The graveyard of failed support chatbots is full of bots that were really just keyword-triggered FAQ lookups with a chat interface. Users ask in natural language, bots match on keywords, the answer misses the question, the user escalates. Everyone loses.
Retrieval-Augmented Generation, not a fine-tuned model
We didn’t fine-tune a model on historical tickets. Fine-tuning is expensive to maintain — every time the product changes, the training set goes stale. Instead we used RAG: a vector store of the current documentation, FAQs, and resolved tickets, with a retrieval step before every generation call.
The retrieval step is where most RAG implementations underperform. We use a hybrid search — dense vector similarity plus BM25 keyword matching, reranked by a cross-encoder. The extra latency (about 200 ms) is worth it for the precision improvement.
Confidence thresholds and graceful escalation
When the model isn’t confident — low similarity scores across the retrieved chunks, or a query that doesn’t match the domain — it escalates explicitly: “I’m not confident I can answer this accurately. Let me connect you with the support team.” Users prefer honest escalation to a confidently wrong answer.

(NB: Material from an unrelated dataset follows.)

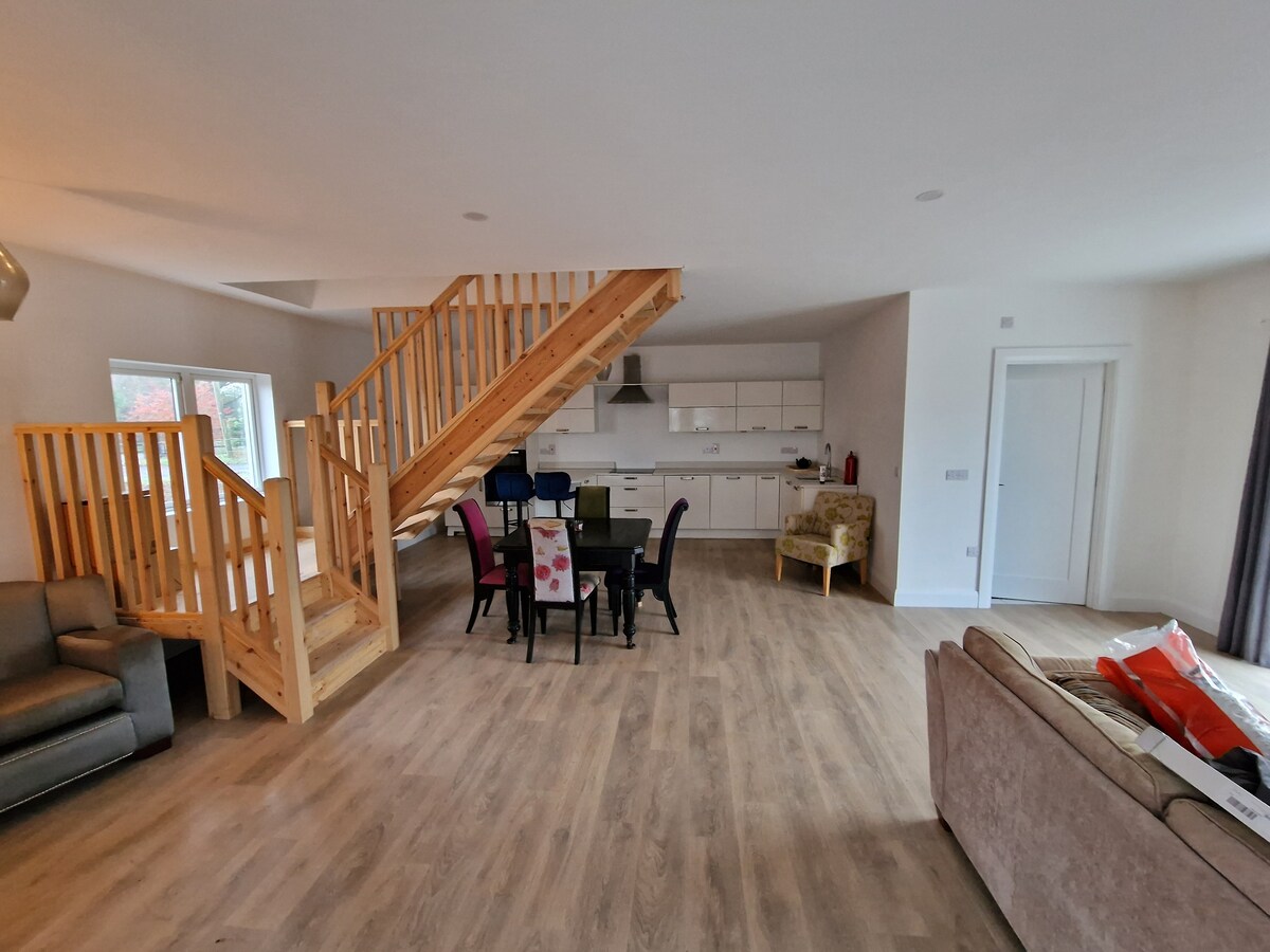 Mėgaukitės stilingu potyriu šiame centre esančiame bute pagrindinėje gatvėje, Abbeyleix. Butas yra uždaroje bendruomenėje - nemokama automobilių stovėjimo aikštelė gatvėje. Butas buvo pastatytas kilimų gamykloje, kuri dengia kilimus titaniniam laivui. Jame yra atskiras įėjimas su laiptais, vedančiais į gyvenamąją vietą, virtuvę ir miegamąjį. Jis dekoruotas šiuolaikiniu stiliumi. Jis skirtas 2 asmenims, bet sofa-lova gyvenamojoje/ virtuvėje gali miegoti 2 pastaba 1 vonios kambarys, į kurį galima patekti tik per miegamąjį.

What actually drives the 40% deflection
The biggest factor wasn’t the model quality — it was documentation quality. The bot can only be as good as the content it retrieves. We spent two weeks rewriting the top 30 FAQ entries to be more specific and answer-first. That single change improved deflection rate by 12 percentage points.
If you’re building a support bot, audit your documentation before you build anything else.